## COLLECTED DATA
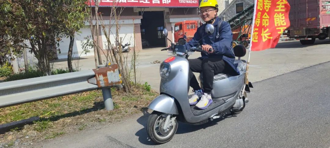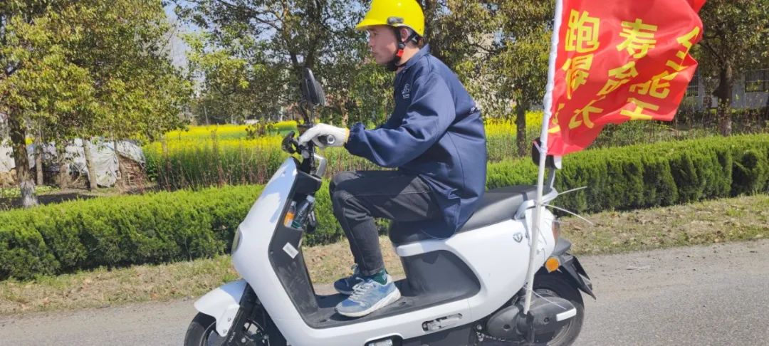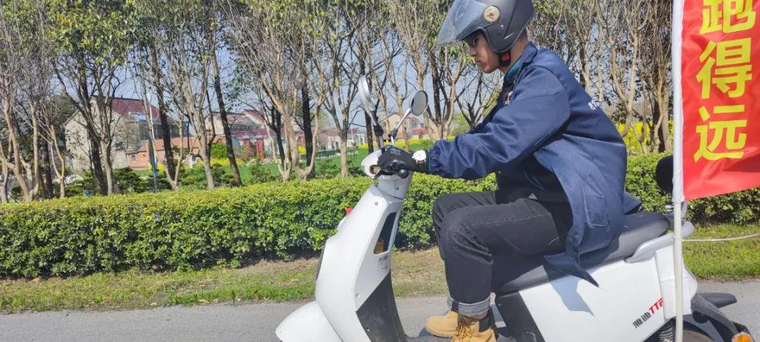 骑行过程中,风很大,尘土飞扬。因为逆风,车尾的旗帜拉成一条笔直的线,风中夹杂着春日独特的气味。
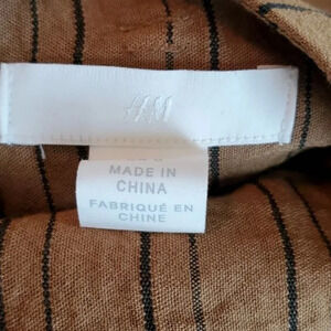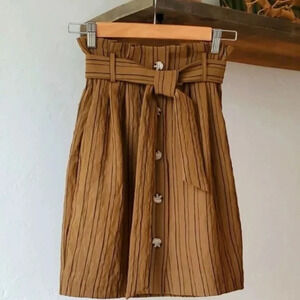 This is a NWT skirt from H&M in a size 0. It's a rust/brown color with black stripes, and a paperbag, tie waist with buttons down the front. It has a hidden side zip closure.
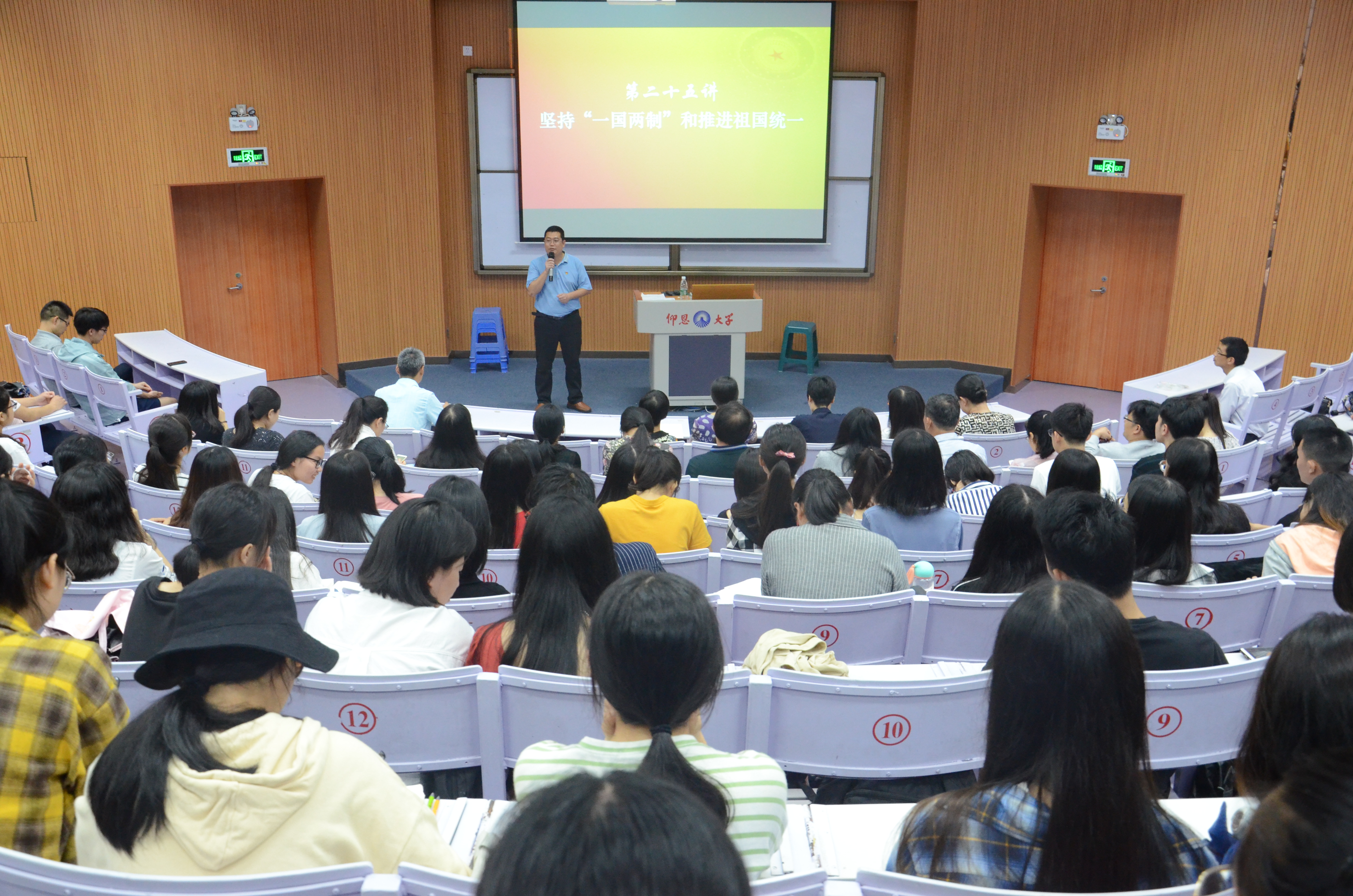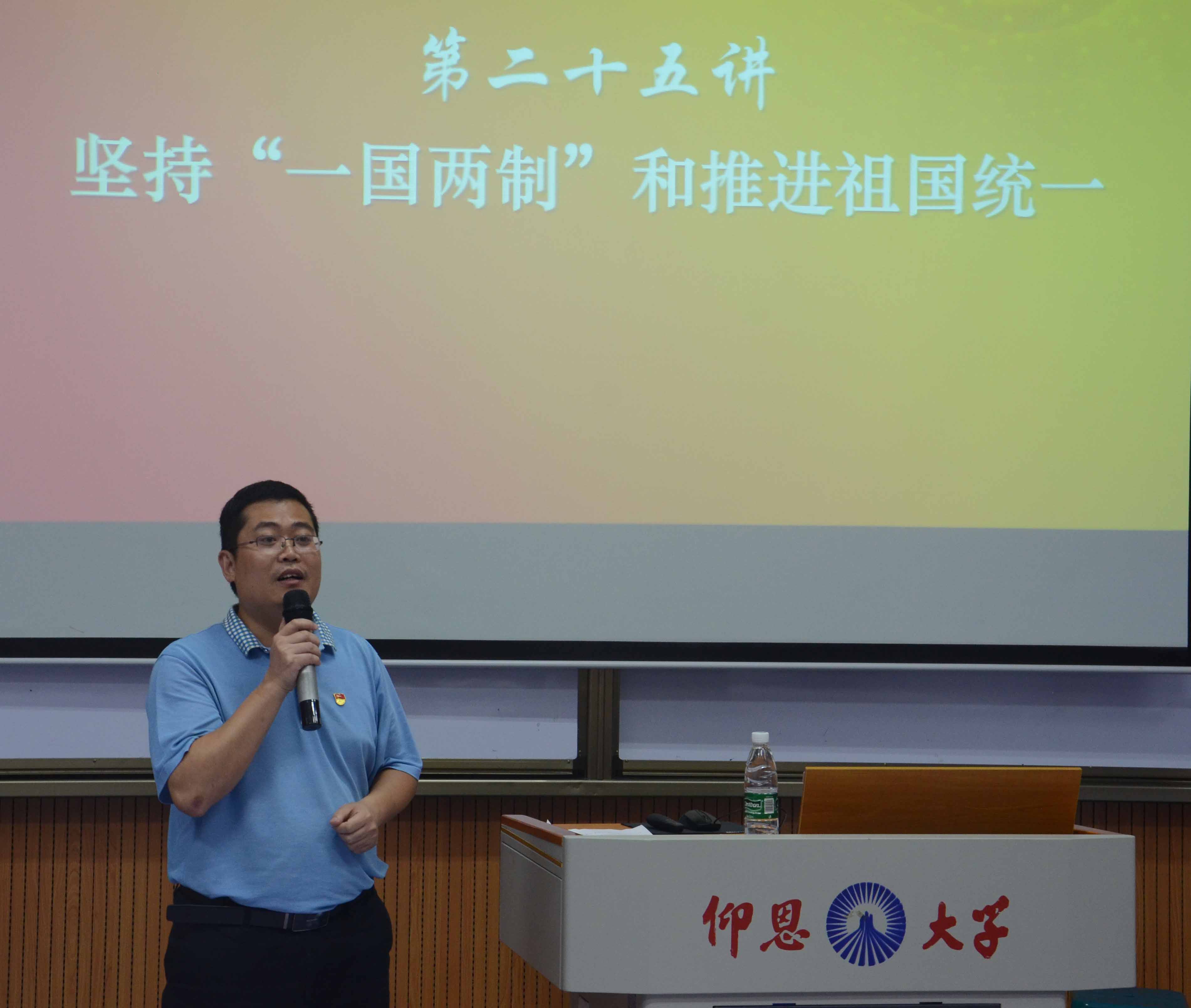 为进一步推动习近平新时代中国特色社会主义思想学习宣传贯彻向纵深发展,确保“新思想”在师生中深深扎根,成为指导实践、推动工作,把牢办学正确政治方向的根本指南,6月13日晚,经济学院党总支书记兼副院长吴晓伟受邀为开云kaiyun体育、思政部师生作《坚持“一国两制”和推进祖国统一》专题宣讲。开云kaiyun体育全体师生党员、入党积极分子、思政部教师参加本次活动。宣讲活动由开云kaiyun体育党总支书记兼副院长胡友仁主持。

## EXERCISE
Without any pictures, reproduce the lines from the first one in the material through the line that has "This is a NWT", exactly as they appear.

## ANSWER SPACE
 骑行过程中,风很大,尘土飞扬。因为逆风,车尾的旗帜拉成一条笔直的线,风中夹杂着春日独特的气味。
 This is a NWT skirt from H&M in a size 0. It's a rust/brown color with black stripes, and a paperbag, tie waist with buttons down the front. It has a hidden side zip closure.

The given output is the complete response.